Tolliver had barely opened his mouth, when she waved away his objection. “No. No. Don’t be shocked at how much I know. You must learn that everyone knows everything here. It is almost totally impossible for a person to have a conversation with anyone in a public place without it becoming common knowledge within a few hours.”

He squared his shoulders and made an attempt at dignified speech. “As I have just tried to tell you, Mrs. Buxton, I am not at all sure that I should discuss my investigation with you. There are rules that govern my work.”

She was spooning sugar and pouring cream into the coffee the waiter had placed at her elbow. “I have information that will have a profound effect on your thinking about why Josiah Pennyman was killed and who might have done it,” she said. “I know that you have established where Kirk was at the time of Josiah’s death, that he could not have done it with his own hands. Have you considered that he may have paid someone to do the deed for him?”

She might have hit Tolliver with a thunderbolt. “Why would you imagine such a thing?” he managed to ask once he had recovered his thoughts.

She put down her cup and sighed. “I imagine, though I have never heard you say it, that you think Kirk might have killed Josiah to defend his honor against the man who seduced his wife. Believe me, Captain Tolliver, that would not be anything that would motivate old Kirk. It was Kirk’s true love, money, that was at stake.”

Tolliver saw where she was going with her line of talk and imagined that she was about to reveal what he already knew from Lord Delamere about Pennyman’s loan, but she surprised him. “If Kirk killed Josiah, it would have been to shut him up.” She studied him to see if she had engaged his interest.

She had. “Go on, please.”

She leaned forward and lowered her voice though the waiter had left and they were alone. “Kirk has been dabbling in land speculation in secret, something that is strictly against the rules, actions that could ruin his reputation as a banker. Such as it is.”

Tolliver wanted to know more about that reputation. His mother always tried to stifle his natural curiosity by warning him not to pry. Now it was his duty. “What would you say people think of Mr. Buxton?”

She looked surprised, as if he were the mere boy she sometimes assumed him to be. “He is working for the Standard Bank of India, Mr. Tolliver. It is owned by colonials in the Raj. It does have a London office, but it is not as if he is employed by a venerable old English institution. And he is the branch manager, not a managing director. Kirk Buxton has neither the bloodlines nor the brainpower to aspire to anything that one would actually call prestigious.”

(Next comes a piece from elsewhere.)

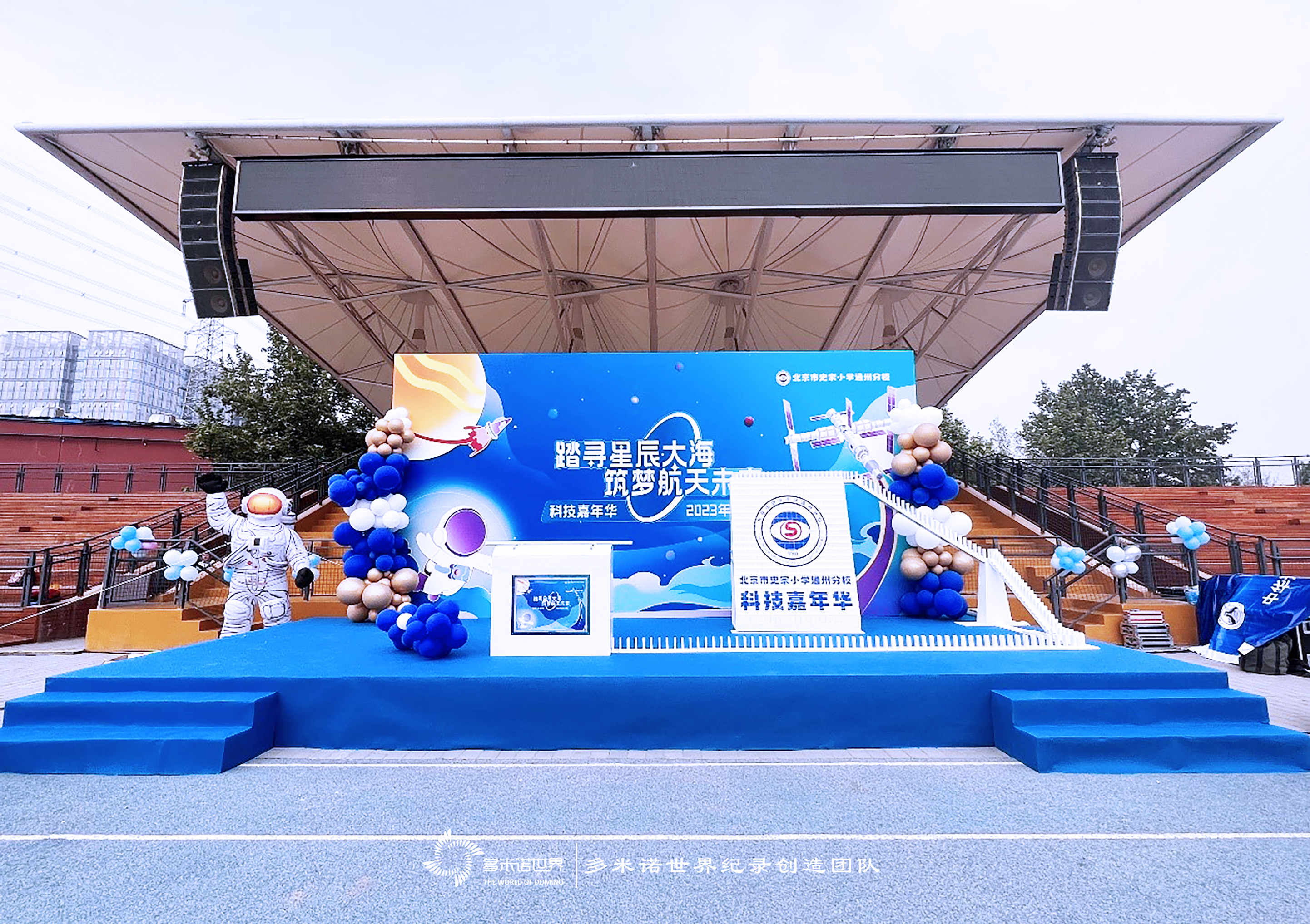 2023年5月11日,史家小學(xué)通州分校科技嘉年華如期舉行,3000余名師生齊聚體育場,本次嘉年華活動特別設(shè)計(jì)了多米諾骨牌啟動儀式,伴隨著校領(lǐng)導(dǎo)共同啟動推桿裝置,骨牌沿著主線行進(jìn)攀爬至樓梯,?;蘸涂萍技文耆A的畫面瞬間展現(xiàn)為科技嘉年華主題海報,活動正式開始,學(xué)生們積極投入到各項(xiàng)體驗(yàn)活動中。

Justin Tolliver’s headache was getting worse. “Just what has this got to do with the death of Josiah Pennyman?” His tone was harsher than he intended, but the words were spoken, and there was nothing he could do about them now.

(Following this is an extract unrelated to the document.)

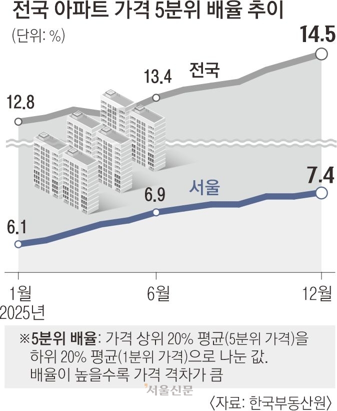 서울 주요 지역의 아파트값만 가파르게 오른 결과 지난해 전국 아파트 매매시장에서 5분위 중 최고가와 최저가의 격차가 14.5배로 벌어졌다. 이재명 대통령이 다주택자 양도소득세 중과를 부활하겠다고 밝힌 가운데 ‘똘똘한 한 채’를 보유하려는 경향이 커지면서 상대적으로 저가 매물만 쏟아질 경우 외려 주택 양극화가 심화할 것이라는 우려가 나온다.

She did not seem to mind. “Josiah found out about Kirk’s underhanded dealings. Given that Josiah was extremely upset when Kirk rescinded the loan for his improvements on his farm, he threatened my husband, said that if Kirk did not change his mind and give him the money, he would publicly accuse Kirk of using the bank’s deposits for his own speculative land deals. Certainly, then, Kirk would have lost his position with the bank. He might very well go to jail. You’re a policeman. You must know the law on such matters.”

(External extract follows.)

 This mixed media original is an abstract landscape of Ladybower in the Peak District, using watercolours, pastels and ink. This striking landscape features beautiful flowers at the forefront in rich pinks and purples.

“And this makes you think that Mr. Buxton paid someone to kill Dr. Pennyman?” He was incredulous, and it showed.

Lucy rolled her eyes to the ceiling. “I told you that my husband does not think about anything but money. It is everything to him. It’s a short step from understanding that fact to knowing he is capable of using money as a murder weapon.” She stood.

Tolliver started to rise, but she held up her lovely hands to stop him. “Don’t bother to get up. Just think about what I have said.” She picked up her handbag from beside her chair and marched away, showing Tolliver his now favorite view of her, for more reasons than one.

He sank back in his chair. He had to report to D.C. Cranford at eleven. Lucy Buxton had just turned everything he thought he would say upside down.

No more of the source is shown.